Bearbeiter: Barbara Tuma

Im 1. Quartal 2016 hat der Europäische Gerichtshof für Menschenrechte überfolgende Beschwerden entschieden, die gegen die Republik Österreich gerichtet waren:

Importance Level 2:

EGMR 16. 2. 2016, 8895/10, Ärztekammer für Wien und Dorner v. Austria (Unterlassungsverpflichtung nach § 7 UWG als Verletzung der Meinungsäußerungsfreiheit?)

Keine Verletzung von Art 10 EMRK (Meinungsäußerungsfreiheit):

Der Ärztekammer Wien und deren Präsidenten war nach Veröffentlichung eines Artikels zu einer angeblich geplanten Übernahme von Arztpraxen durch einen „Heuschreckenfonds“ (Veröffentlichung auf der Webseite und in einer E-Mail an alle Mitglieder der Kammer) wegen der Herabsetzung des Unternehmens durch Verwendung des Begriffs „Heuschrecke“ eine entsprechende Unterlassungsverpflichtung gem § 7 UWG auferlegt worden (zum Sicherungsverfahren siehe OGH 22. 1. 2008, 4 Ob 236/07w, LN Rechtsnews 4821 vom 11. 4. 2008 = RdW 2008/363; Entscheidung im Hauptverfahren: OGH 14. 7. 2009, 4 Ob 22/09b, RdW 2010/158). In ihrer Beschwerde beim EGMR machen sie dies als Verletzung der Meinungsäußerungsfreiheit geltend.

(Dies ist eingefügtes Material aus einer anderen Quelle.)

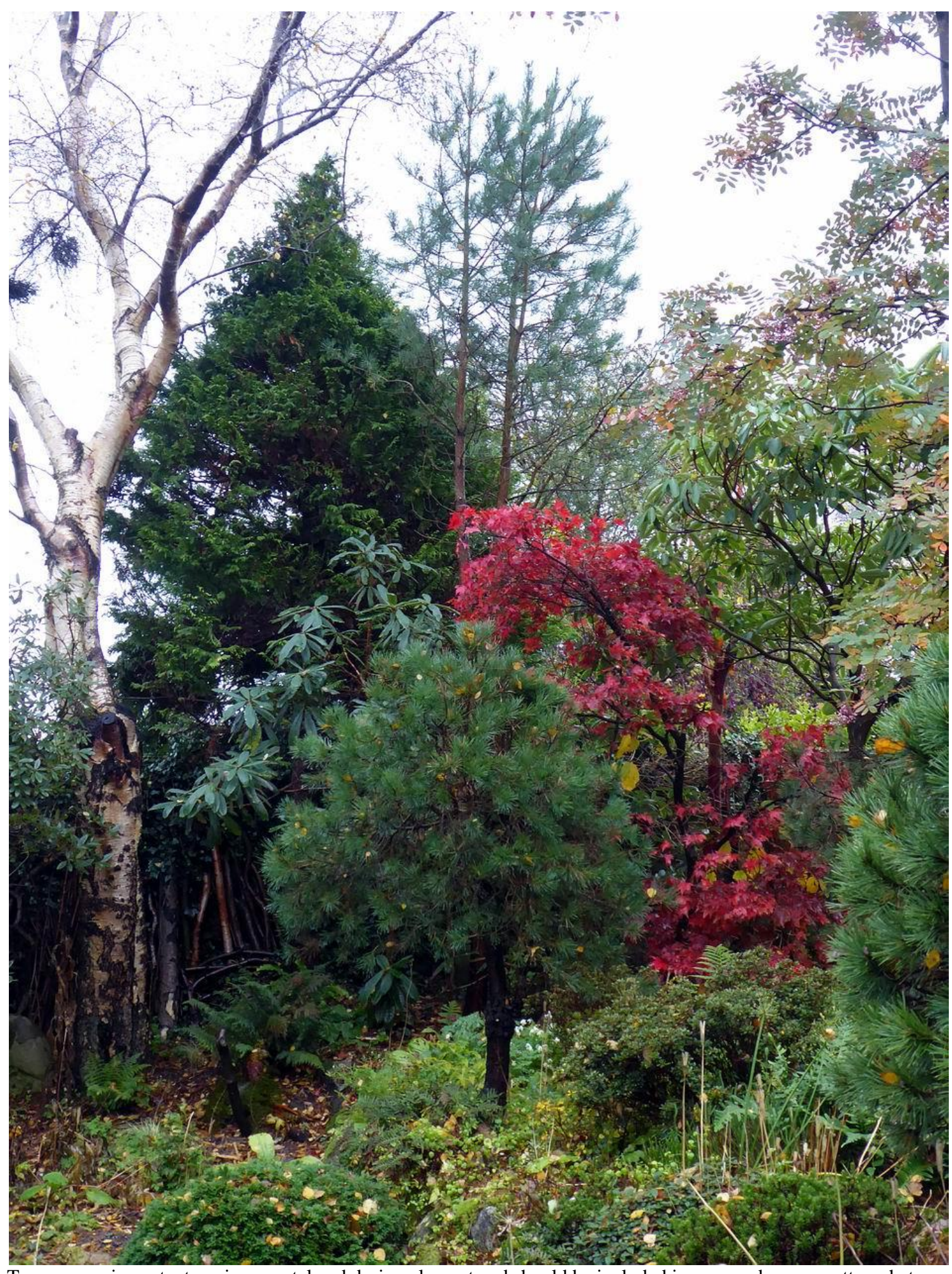
Trees are an important environmental and design element and should be included in any garden, no matter what size.

Click the link to walk with me in the latest <u>Bulb Log Video Diary Supplement</u>

Nach eingehender Auseinandersetzung mit Art 34 EMRK lehnt der EGMR die Beschwerde der Ärztekammer als unzulässig ab: Bei Veröffentlichung des Artikels habe die Ärztekammer offensichtlich in Ausübung ihrer öffentlichen Funktionen gehandelt, weshalb sie keine Individualbeschwerde nach Art 34 EMRK erheben könne.

Dem Präsidenten der Ärztekammer hingegen erkannte der EGMR ein entsprechendes Beschwerderecht zu, weil die Unterlassungsverpflichtung auch an ihn selbst als Privatperson gerichtet war.

Allerdings lag nach Ansicht des EGMR keine Verletzung der Meinungsäußerungsfreiheit vor: Auch der EGMR hält im konkreten Fall die Bezeichnung als „Heuschrecke“ für eine besonders schwerwiegende Anschuldigung – va iZm medizinischen Leistungen wie hier –, die auch nicht als wahr erwiesen wurde. Die Unterlassungsverpflichtung war auch nach Auffassung des EGMR ausreichend begründet und die Vorgehensweise der Gerichte durchaus moderat (keine Strafe; Urteilsveröffentlichung nur auf der Webseite der Kammer und im gedruckten Newsletter).

Importance Level 3:

EGMR 12. 1. 2016, 55495/08, Genner v. Austria (Strafrechtliche Verurteilung wegen übler Nachrede nach einem Artikel zum Tod der Innenministerin auf der Website von „Asyl in Not“)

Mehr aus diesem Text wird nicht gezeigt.